Finally, show off your soaps in the Photo Gallery. We LUV pictures -- even when a batch goes awry. Hopefully that won't happen, but if it does, see it as an opportunity to learn more.

You can also use the Photo Gallery as a log of every batch you make. Include the recipe as well as your comments about how you processed it for future reference. I only wish I had that available to me when I first started making soap in 2003. It's a great way to chronicle your progress in the Wonderful World of Soapmaking!!!

HAPPY SOAPING!



leahjo534 said:


> it's not really possible to make a liquid or bar soap thats 100% okay for dogs skin?

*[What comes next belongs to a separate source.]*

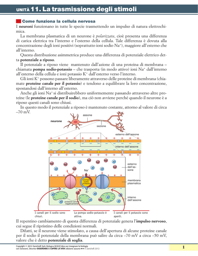 unità 11. La trasmissione degli stimoli Come funziona la cellula nervosa I neuroni funzionano in tutte le specie trasmettendo un impulso di natura elettrochimica. La membrana plasmatica di un neurone è polarizzata, cioè presenta una differenza di carica elettrica tra l’interno e l’esterno della cellula. Tale differenza è dovuta alla concentrazione degli ioni positivi (soprattutto ioni sodio Na+), maggiore all’esterno che all’interno. Questa distribuzione asimmetrica produce una differenza di potenziale elettrico detta potenziale a riposo. Il potenziale a riposo viene mantenuto dall’azione di una proteina di membrana – chiamata pompa sodio-potassio – che trasporta (in modo attivo) ioni Na+ dall’interno all’esterno della cellula e ioni potassio K+ dall’esterno verso l’interno. Gli ioni K+ possono passare liberamente attraverso delle proteine di membrana (chiamate proteine canale per il potassio) e tendono a equilibrare la loro concentrazione, spostandosi dall’interno all’esterno. Anche gli ioni Na+ si distribuirebbero uniformemente passando attraverso altre proteine (le proteine canale per il sodio), ma ciò non avviene perché quando il neurone è a riposo questi canali sono chiusi. In questo modo il potenziale a riposo è mantenuto costante, attorno al valore di circa –70 mV. assone neurone sezione esterno dell’assone interno dell’assone Na+ K+ Na+ Na+ K+ Na+ K+ Na+ Na+ Na+ K+ esterno dell’assone Na+ K+ pompa sodiopotassio Na+ K+ + K proteine cariche negativamente I canali per il sodio sono chiusi. K+ membrana plasmatica K+ K+ + Na La pompa sodio-potassio è attiva. BIO_11_02_01 K+ K+ K+ interno dell’assone I canali per il potassio sono aperti. Il repentino cambiamento di questa differenza di potenziale genera l’impulso nervoso, cui segue il ripristino delle condizioni normali. Difatti, se il neurone viene stimolato, a causa dell’apertura di alcune proteine canale per il sodio il potenziale della membrana può salire da circa –70 mV a circa –50 mV, valore che è detto potenziale di soglia. Copyright © 2012 Zanichelli SpA, Bologna [6302] Idee per insegnare la biologia con Saraceni, Strumia Osservare e capire la vita edizione azzurra ● ● © Zanichelli 2012 1 unità 11. La trasmissione degli stimoli Raggiunto questo valore di soglia, molti canali per il sodio si aprono e un gran numero di ioni Na+ passano dall’esterno all’interno della cellula. Dato che la concentrazione di cariche positive all’interno aumenta, il potenziale si inverte bruscamente e raggiunge un valore di +35 mV, che viene detto potenziale d’azione. Questa sequenza di eventi è detta depolarizzazione della membrana. Pochi istanti dopo le proteine canale per il sodio si richiudono, mentre quelle per il potassio – che nel frattempo erano chiuse – si riaprono e, grazie all’azione della pompa sodio-potassio, vengono ristabilite le condizioni a riposo. Questo processo è detto ripolarizzazione della membrana. esterno dell’assone interno dell’assone K+ K+ K+ Na+ K+ Na+ Na+ K+ Na+ esterno dell’assone pompa sodiopotassio Na+ Na+ membrana plasmatica K+ I canali per il sodio si aprono. Na K+ + K+ + K+ K+ Na+ + K+ Na K La pompa sodio-potassio è BIO_11_02_02 inattiva. + Na interno dell’assone I canali per il potassio si chiudono. L’impulso nervoso si trasmette lungo la membrana degli assoni delle cellule nervose. Il potenziale d’azione è un fenomeno elettrochimico localizzato. Perché si verifichi la trasmissione dell’impulso, la depolarizzazione deve trasmettersi dalla zona in cui è avvenuta al tratto immediatamente adiacente. La propagazione dello stimolo avviene esclusivamente in una direzione grazie al fatto che, nel tratto interessato dal potenziale d’azione, la pompa sodio-potassio sta operando per riportare le condizioni a riposo. La concentrazione di ioni potassio nel liquido interstiziale all’esterno della cellula, per un breve istante, risulta superiore rispetto a quella delle condizioni normali a riposo; ciò determina una iperpolarizzazione della membrana che persiste finché non viene ripristinato il valore di -70 mV. In questo lasso di tempo, che dura circa 2 millisecondi, la membrana non può ricevere alcuno stimolo. Questo periodo di refrattarietà impedisce la trasmissione della depolarizzazione nella stessa direzione da cui è provenuta, evitando di fatto che la trasmissione dell’impulso si blocchi. Gli assoni delle cellule nervose umane sono avvolti dalle cellule di Schwann che formano la guaina mielinica isolante, interrotta in corrispondenza dei cosiddetti nodi di Ranvier. L’impulso nervoso procede «saltando» da un nodo di Ranvier all’altro e quindi avanza molto più rapidamente di quanto farebbe se dovesse percorrere l’intero assone. Copyright © 2012 Zanichelli SpA, Bologna [6302] Idee per insegnare la biologia con Saraceni, Strumia Osservare e capire la vita edizione azzurra ● ● © Zanichelli 2012 2 unità 11. La trasmissione degli stimoli La trasmissione dell’impulso tra neuroni I neuroni sensoriali, che acquisiscono lo stimolo sensoriale, e i neuroni di associazione, che svolgono la funzione di elaborazione e integrazione, trasmettono l’impulso ad altre cellule nervose. I neuroni motori invece passano lo stimolo alle cellule muscolari. L’impulso nervoso viene trasferito da una cellula all’altra e alle cellule muscolari attraverso le sinapsi. Le sinapsi sono i punti di contatto tra due neuroni o tra un neurone e una cellula muscolare. Le sinapsi trasmettono alla cellula successiva l’impulso nervoso nel momento in cui esso arriva al termine dell’assone. Esistono due tipi di sinapsi: –le sinapsi elettriche, –le sinapsi chimiche. 1.Nelle sinapsi elettriche il potenziale d’azione passa da una cellula alla successiva con un meccanismo del tutto simile a quello di propagazione dell’impulso all’interno della cellula stessa. Molto spesso le sinapsi elettriche possono trasmettere l’impulso nervos
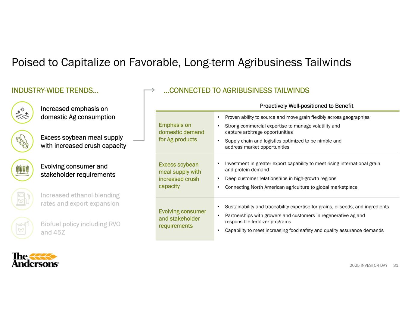 2025 INVESTOR DAY PREMIUM INGREDIENTS • Merchandising • Light processing • CPG procurement strategies • Pet food ingredients • Specialty crops (e.g., pulses, edible beans) • Food corn THE ANDERSONS CAPABILITIES SELECTED EXAMPLES ASSETS AND MERCHANDISING • Merchandising • Grain elevators • Logistics (e.g., truck, rail, barge, vessel) • Risk management strategies • Export and international market expertise • Grains and oilseeds • Animal feed ingredients • Co-products from processing • Handling, storage, and inventory management • Risk management products 30 Connecting Production to Demand across Time and Geography in the Feed, Fuel, and Food Supply Chains Agribusiness 101: Where We Play NPK: Nitrogen, Phosphate, and Potash Fertilizers. FERTILIZER • Wholesale distribution • Agronomy services • Specialty manufacturing • Wholesale bulk fertilizer (e.g., NPK) • Specialty liquid products (e.g., low-salt starters) • Farm centers and services

In addition to @DeeAnna 's excellent advice, you may want to check out this thread: *DOG SOAP*


----------



## Vicki C (Nov 15, 2021)

Zany_in_CO said:


> Hi @leahjo534 and WELCOME!
> 
> Please take a moment to go to the Introduction Forum and tell us a little about yourself, especially your Soapmaking experience and anything else you care to share. This will make it easier for us to help you on your Soapy Journey and, if you're lucky, find a few soapy friends near you.
> 
> ...


Hi Zany, the blue highlighted text doesn’t seem to have links. Great intro paragraph though!


----------



## leahjo534 (Nov 15, 2021)

Thank you all! @Zany_in_CO , that was very helpful! I will post an intro soon 

Also, don't hate me cause despite what Dee Anna suggested, I'm going to try my best to formulate and research for the best recipe for organic dog soap. I bathe my rottie once a week to keep her coat in top condition and would also love to add an amazing dog liquid dog shampoo to my line of human soaps.


----------



## AliOop (Nov 15, 2021)

@leahjo534 no hate here, even when we disagree. But I encourage you to check out the ingredients of whatever "soap" you've been using to see what's in it. If it is a pet shampoo sold in stores, it probably isn't actually soap, as it most likely contains some gentle syndets that are lower in pH and better for your dog's coat. You can purchase these ingredients yourself, and some of them are even ECOCERT. In other words, you can still make an amazing liquid dog shampoo with ingredients that you select and trust - but that is not lye-based soap. Something to consider.


----------



## leahjo534 (Nov 15, 2021)

I also want to clarify, I will not be using the method I previously mentioned in the beginning post

P.s. I did do an intro post

Guyssss!! What do we think about this?DIY Dog Shampoo - Soap Making Magazine






						Recipes for DIY Pet Shampoo | Dog & Cat Cosmetics | Making Cosmetics | MakingCosmetics
					

Make DIY pet shampoos and other cosmetic products for cats and dogs using Making Cosmetics' easy to follow cosmetic recipes.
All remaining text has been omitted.